▶ PROBLEM REQUIREMENTS
Transcribe the listing that follows in full, exactly, and drop its images.

▶ SUPPLIED DATA

· · · · ·

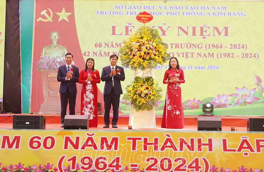 Sáng 17/11, Trường THPT A Kim Bảng long trọng tổ chức Lễ kỷ niệm 60 năm Ngày thành lập trường (1964 - 2024), 42 năm Ngày Nhà giáo Việt Nam (1982 - 2024). Dự lễ kỷ niệm có các đồng chí: Đinh Thị Lụa, Phó Bí thư Thường trực Tỉnh ủy; Lê Văn Tân, nguyên Phó Bí thư Thường trực Tỉnh ủy, nguyên Trưởng Đoàn đại biểu Quốc hội tỉnh; lãnh đạo Sở Giáo dục và Đào tạo (GD&ĐT), huyện Kim Bảng cùng các thế hệ cán bộ, giáo viên, học sinh nhà trường qua các thời kỳ.
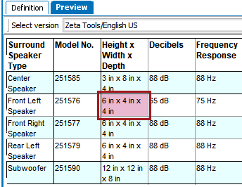 In the following example, the 'Height,' 'Width,' and 'Depth' columns will be merged using the Merge Rows/Columns transformation. Before the transformation is applied, a single pink cell appears in the 'Height' column, and all dimension values appear independently, each in their own column.
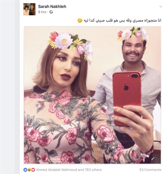 وعلقت "سارة"، على الصورة عبر صفحتها الشخصية على موقع التواصل الاجتماعي "فيس بوك"، قائلة :"انا متجوزاه مصري والله بس هو قلب صيني كده ليه"، وبخاصة أنه ظهر في هذه الصورة بشارب وذقن، وهو ما تطلبه منه دوره في مسلسل "الكبريت الأحمر"؛ حيث يؤدي خلاله دور بلطجي.

· · · · ·

▶ EXERCISE RESULT
 Sáng 17/11, Trường THPT A Kim Bảng long trọng tổ chức Lễ kỷ niệm 60 năm Ngày thành lập trường (1964 - 2024), 42 năm Ngày Nhà giáo Việt Nam (1982 - 2024). Dự lễ kỷ niệm có các đồng chí: Đinh Thị Lụa, Phó Bí thư Thường trực Tỉnh ủy; Lê Văn Tân, nguyên Phó Bí thư Thường trực Tỉnh ủy, nguyên Trưởng Đoàn đại biểu Quốc hội tỉnh; lãnh đạo Sở Giáo dục và Đào tạo (GD&ĐT), huyện Kim Bảng cùng các thế hệ cán bộ, giáo viên, học sinh nhà trường qua các thời kỳ.
 In the following example, the 'Height,' 'Width,' and 'Depth' columns will be merged using the Merge Rows/Columns transformation. Before the transformation is applied, a single pink cell appears in the 'Height' column, and all dimension values appear independently, each in their own column.
 وعلقت "سارة"، على الصورة عبر صفحتها الشخصية على موقع التواصل الاجتماعي "فيس بوك"، قائلة :"انا متجوزاه مصري والله بس هو قلب صيني كده ليه"، وبخاصة أنه ظهر في هذه الصورة بشارب وذقن، وهو ما تطلبه منه دوره في مسلسل "الكبريت الأحمر"؛ حيث يؤدي خلاله دور بلطجي.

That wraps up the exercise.